2. Any company actually been prosecuted / sued successfully for violating their terms of use sharing data with third parties? Have any users actually received $$, or just regulators via fines?

This will be near impossible to answer of course unless you were actually involved in the sharing with Sift, but it seems to me the more this happens with all of our data, along with the total lack of enforcement of any lapses / breaches these kind of problems / proxy scores will only get worse and more difficult to reason about as a customer.

Just requested all of my data from the companies listed. I'm very curious to see the data they return.

I'd frankly be surprised if your request for records doesn't become a juicy data point on the record.

I agree.

Similar companies are the credit reference agencies - Equifax, Experian, TransUnion.

Every time you request your data from credit reference agencies, the request is logged. My log has many such entries, due to repeated checking I did while trying to get corrections sorted, and due to the third party companies I used to help with this.

So I'd expect the same to be true for the customer rating agencies.

In the case of credit agencies, they say that information ("soft" enquiries) is not used to assess credit risk - and that it's either not made available to companies that process applications, or must not be used by those companies in the assessmment.

To be honest, seeing the kinds of errors I've seen, as well as seeing the inner workings when it is being corrected, some of it shows very shoddy, and in some cases seriously unethical processes (that the companies know about).

So I simply don't believe that companies are diligent about following the "must not be used" rule for data they "may" receive and are supposed to ignore. To convince me, it would require a level of auditing, or quality of audit, that companies plainly are not getting.

And these are companies I still do business with because they are good enough. Goodness knows what to think of companies I wouldn't do business with, if I knew about them and had any choice in the matter.


How did you submit your government ID securely? Email?

The only company to request proof thus far in the process is Zeta Global which presents a secure portal to upload your ID. However, to be honest, I'm not that concerned about emailing my ID if necessary.

On the Sift Google Form:

"In order to process your rights request, Sift’s Privacy Team needs to collect the below information about you. We are unable to process your request without complete submission of this form and a copy of your valid government ID for verification purposes."

They havent provided me the Google form for Sift. I'll still submit it to them though. I've once been a Coinbase customer so they likely have it already.

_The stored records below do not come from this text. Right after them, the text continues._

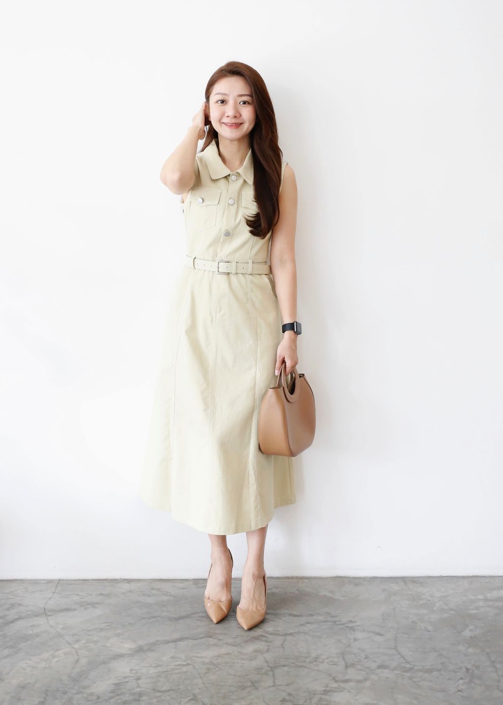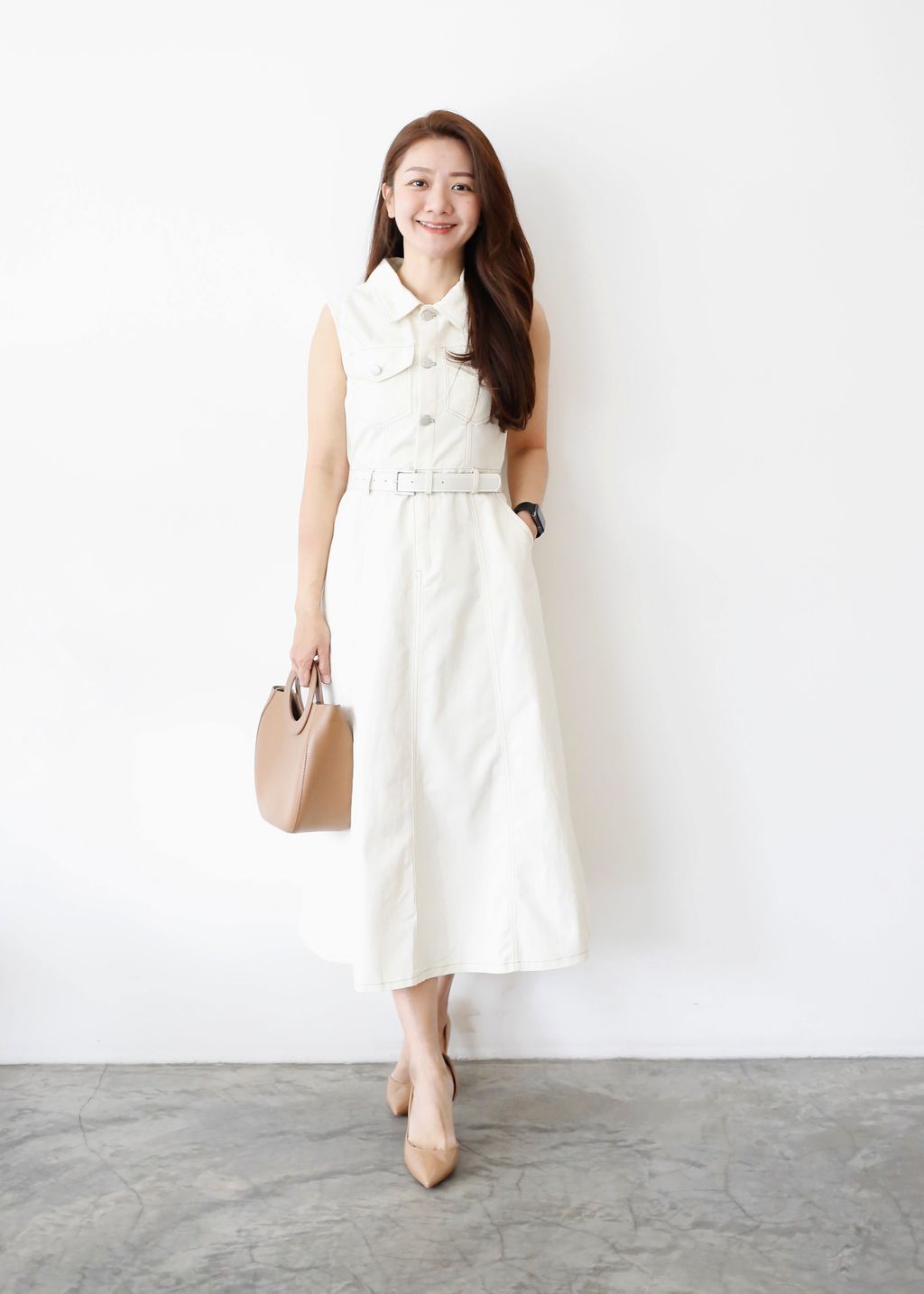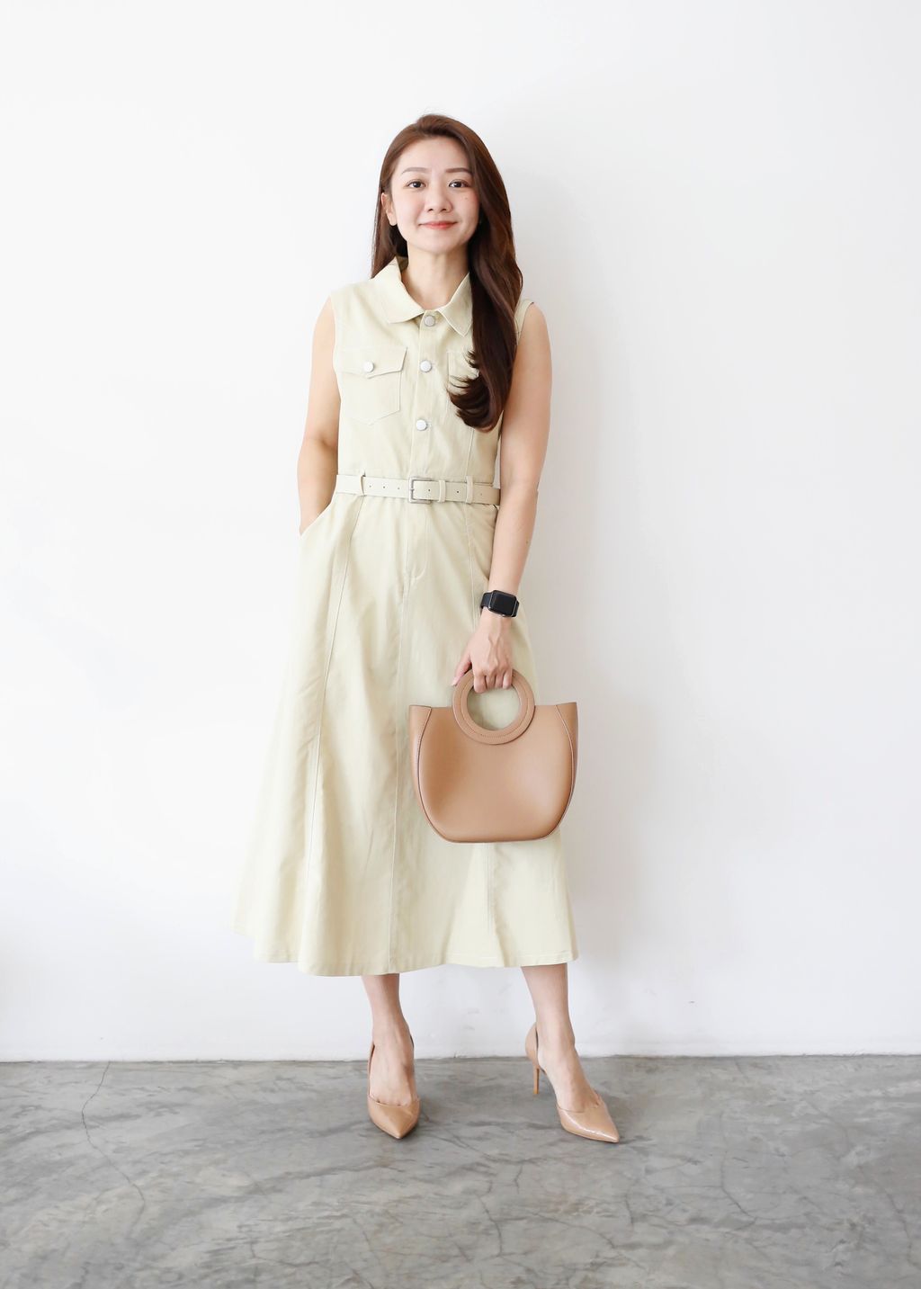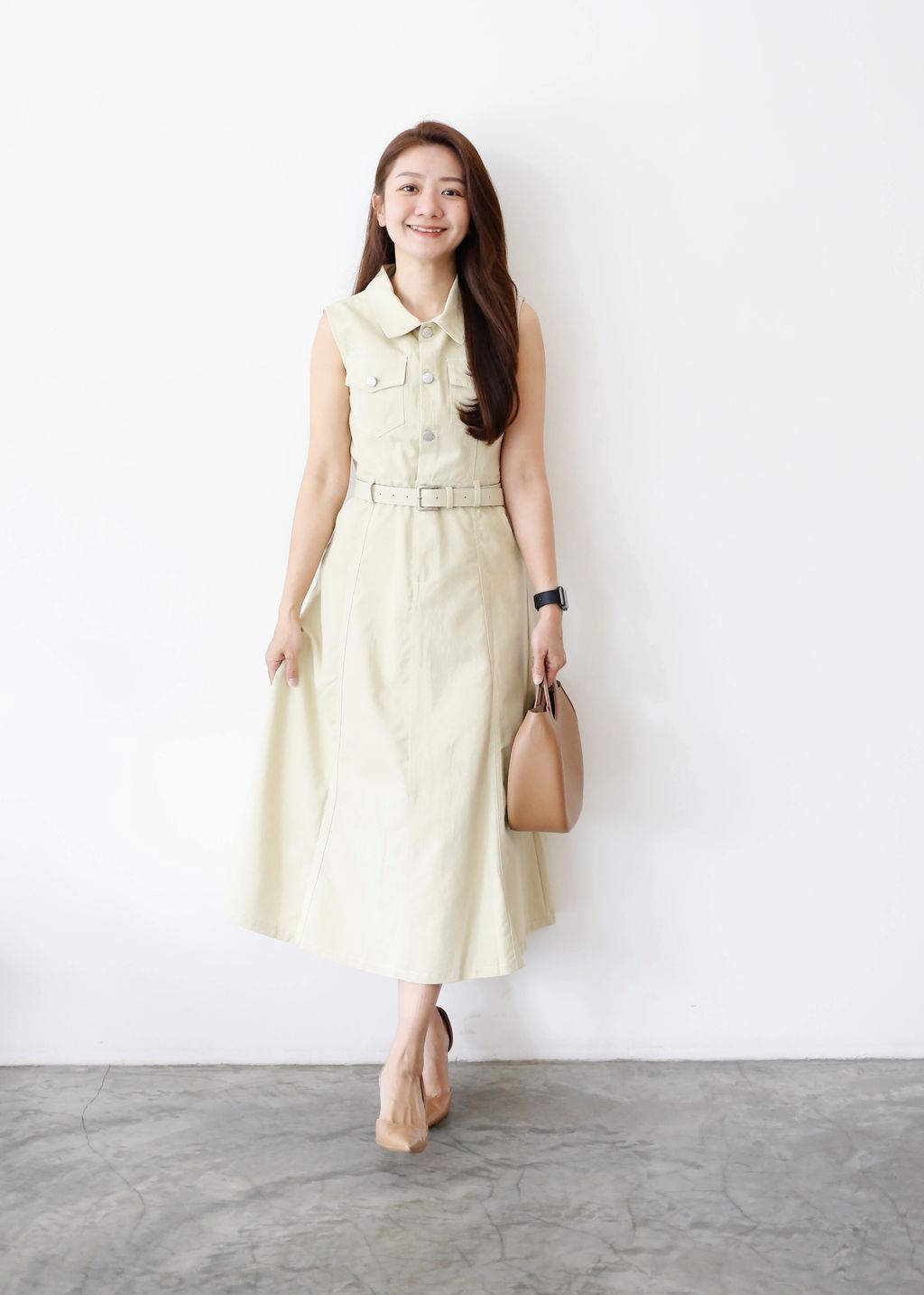 Type: Contrast Trim Sleeveless Midi Dress with Belt | Cotton Fabric | Not Stretchable | Button Through Design with Front Zipper From Waist | Side Pockets | Comes with Separate Belt
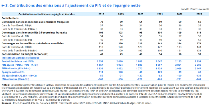 Sylvain Larrieu, Sébastien Roux, « Peut-on prendre en compte le climat dans les comptes nationaux ? L’épargne nette ajustée des effets liés au climat est négative en France » Insee Analyses n°98, novembre 2024
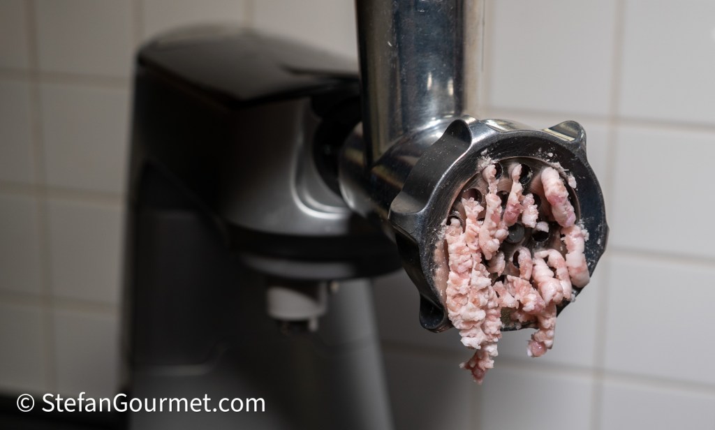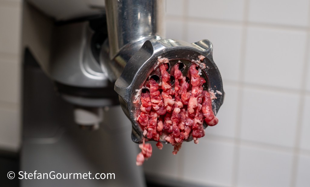 Grind the beef as well, coarsely. Store-bought ground beef is often ground finely and you do not know what cuts were used. This is why I prefer to grind my own. I used chuck in this case.
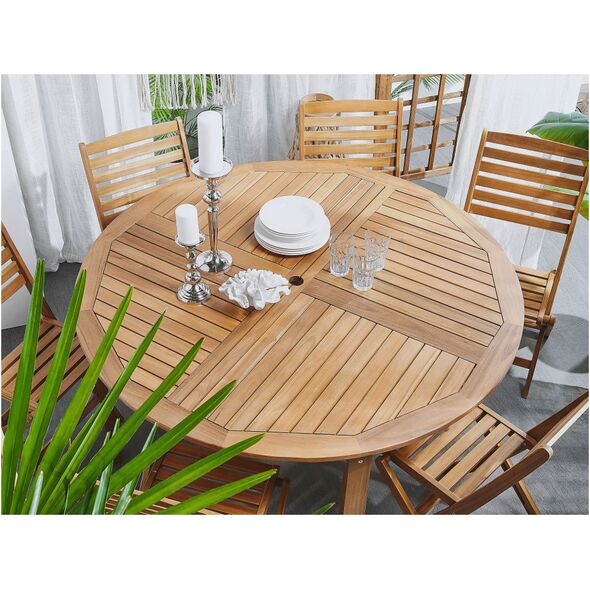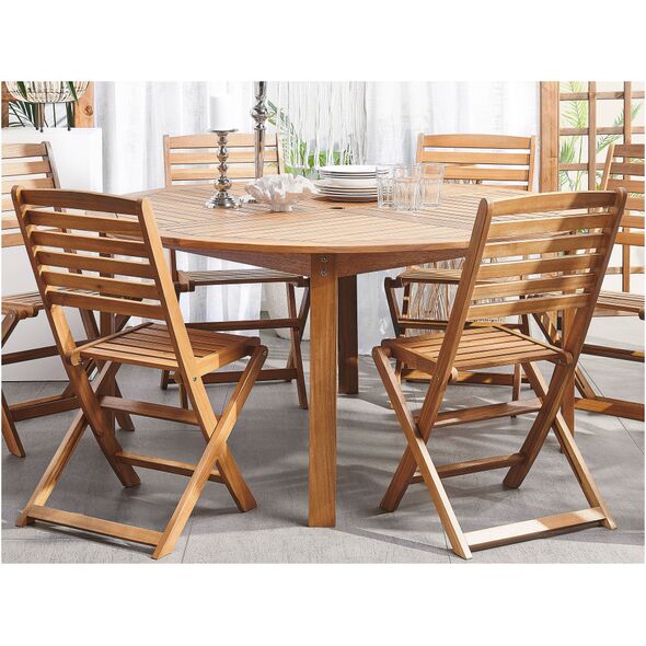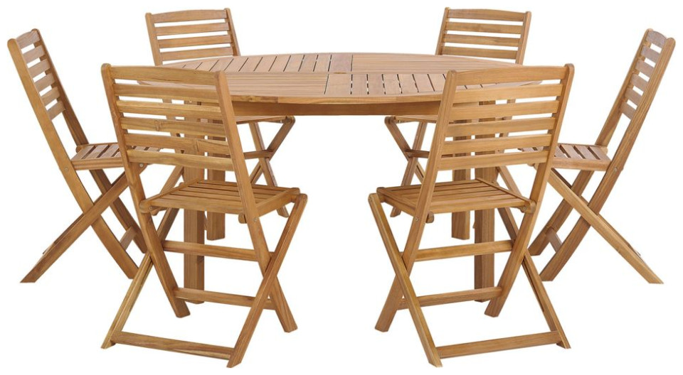 Οι ζεστοί μήνες είναι η τέλεια στιγμή για να απολαύσετε γεύματα σε εξωτερικούς χώρους με την οικογένεια και τους φίλους σας. Χάρη σε αυτό το σετ 7 τεμαχίων, μπορείτε εύκολα να δημιουργήσετε μια ζεστή τραπεζαρία στον κήπο ή στη βεράντα. Το στρογγυλό τραπέζι προσφέρει πολύ χώρο και το σχήμα του δίνει την αίσθηση ενός κλειστού, οικείου χώρου, ιδανικό για μεγάλες συνομιλίες. Το πάνω μέρος του έχει σχεδιαστεί με τρύπα για ομπρέλα. Οι καρέκλες μινιμαλιστικού στυλ που περιλαμβάνονται στο σετ ταιριάζουν παντού και είναι αναδιπλούμενες για εύκολη αποθήκευση. Η φυσική εμφάνιση των επίπλων από ξύλο ακακίας ταιριάζει τέλεια στο πράσινο και φαίνεται εξίσου εξαιρετική στους εσωτερικούς χώρους Βάρος: 57 Ύψος καθίσματος: 47 Υλικό: Ξύλο ακακίας{Υλικό} Ξύλο . {Υλικό} Ξύλο . {Υλικό} Ξύλο . {Υλικό} Ξύλο . {Υλικό} Ξύλο . {Υλικό} Ξύλο . {Υλικό} Ξύλο . {Υλικό} Ξύλο . {Υλικό} Ξύλο . {Αριθμός καρεκλών} 6 . {Αριθμός καρεκλών} 6 . {Αριθμός καρεκλών} 6 . {Αριθμός καρεκλών} 6 . {Αριθμός καρεκλών} 6 . {Αριθμός καρεκλών} 6 . {Αριθμός καρεκλών} 6 . {Αριθμός καρεκλών} 6 . {Αριθμός καρεκλών} 6 . {Υλικό} Technorattan. {Υλικό} Technorattan. {Υλικό} Technorattan. {Υλικό} Technorattan. {Υλικό} Technorattan. {Υλικό} Technorattan. {Υλικό} Technorattan. {Υλικό} Technorattan. {Υλικό} Technorattan. {Χρώμα καρέκλας} Καφέ . {Χρώμα καρέκλας} Καφέ . {Χρώμα καρέκλας} Καφέ . {Χρώμα καρέκλας} Καφέ . {Χρώμα καρέκλας} Καφέ . {Χρώμα καρέκλας} Καφέ . {Χρώμα καρέκλας} Καφέ . {Χρώμα καρέκλας} Καφέ . {Χρώμα καρέκλας} Καφέ . {Πλάτος τραπεζιού} 150 cm. {Πλάτος τραπεζιού} 150 cm. {Πλάτος τραπεζιού} 150 cm. {Πλάτος τραπεζιού} 150 cm. {Πλάτος πίνακα} 1
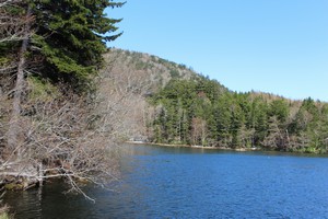 いよいよ、チュウルイ島に上陸です。船着き場の背後には、船上からずっと眺めてきた雄阿寒岳の勇姿が望めます。 毬藻の展示センターは森の奥まったところにあります。センターまでの小道を木漏れ日を浴びながら歩きます。 |
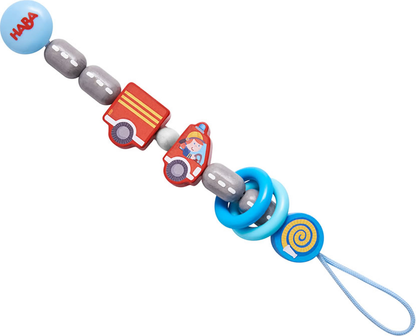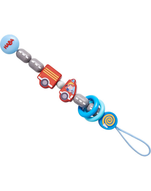 Mit der Schnullerkette Feuerwehrauto ist der Schnuller immer schnell griffbereit, wenn er gebraucht wird. Und der praktische Clip hält den Schnuller immer dort, wo er hingehört.
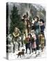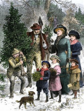 Family Bringing Home their Christmas Tree and Mistletoe, 1880s

Sift has since taken this down and replaced it with an "email us for instructions" text. Clearly not liking the press they're getting.


But does that content submitted securely through this form ultimately land on a publicly accessible cloud bucket just waiting to be discovered?

The data breaches from these companies are going to be an awful spectacle.

For all of these linkages there needs to be a key that associates data from disparate services together. So what’s the key? Email address? IP addresses? Credit cards? Is it implausible to try to take steps to circumvent these firms’ abilities to connect our dots?

Quite possibly a composite key comprising name, gender, age and locale.

"87% of the U.S. population is uniquely identified by date of birth, gender, postal code." [0]

[0] https://dataprivacylab.org/projects/identifiability/paper1.p...

I would expect it's more complicated than that. I doubt that they just start over every time you move to a different city.

I seem to have slipped through these cracks easily. When I do anything that involves pulling my credit, it's a hassle because I give my correct address information, however the credit agencies have out of date information.

Tips to slip through the cracks: have a different mailing vs home address, dont apply for new loans/update work info with existing creditors over more than one job cycle, move frequently. When your credit card asks how much you make, they are doing so because the agency doesnt have good info on you and they are updating their files.

The next natural step is a unified score, social credit score, no?

Well it sure seems like we managed to have a social score, the American way! Privatized.

I would be more interested in knowing how the companies scoring customers operate. If their goal is to detect fraudsters they must be able to aggregate accounts with a different name and/or email from different systems, as surely a fraudster will use a different identity on each service?

I think the point is exactly that fraudsters have no history. The system probably starts with a low score that increases as more data is collected. And then it can actually score you on the data rather than a "probably fraudulent account" flag.

>“We’re not looking at the data. It’s just machines and algorithms doing this work,” said Mr. Tan.

That's still looking at it. When are we going to stop letting people get away with this lie?

So Airbnb was sharing all your messages to hosts with Sift? Food ordering apps were sharing all information about every order with them?

Selling is probably the correct word... as in "They are selling the information like facebook sold user's private messages."

It says so in the article. Those companies actually pay Sift to do fraud detection. So no, not selling.

My focus was on them transferring it to third parties, regardless of any accompanying money flows, so sell vs share doesn't matter to me.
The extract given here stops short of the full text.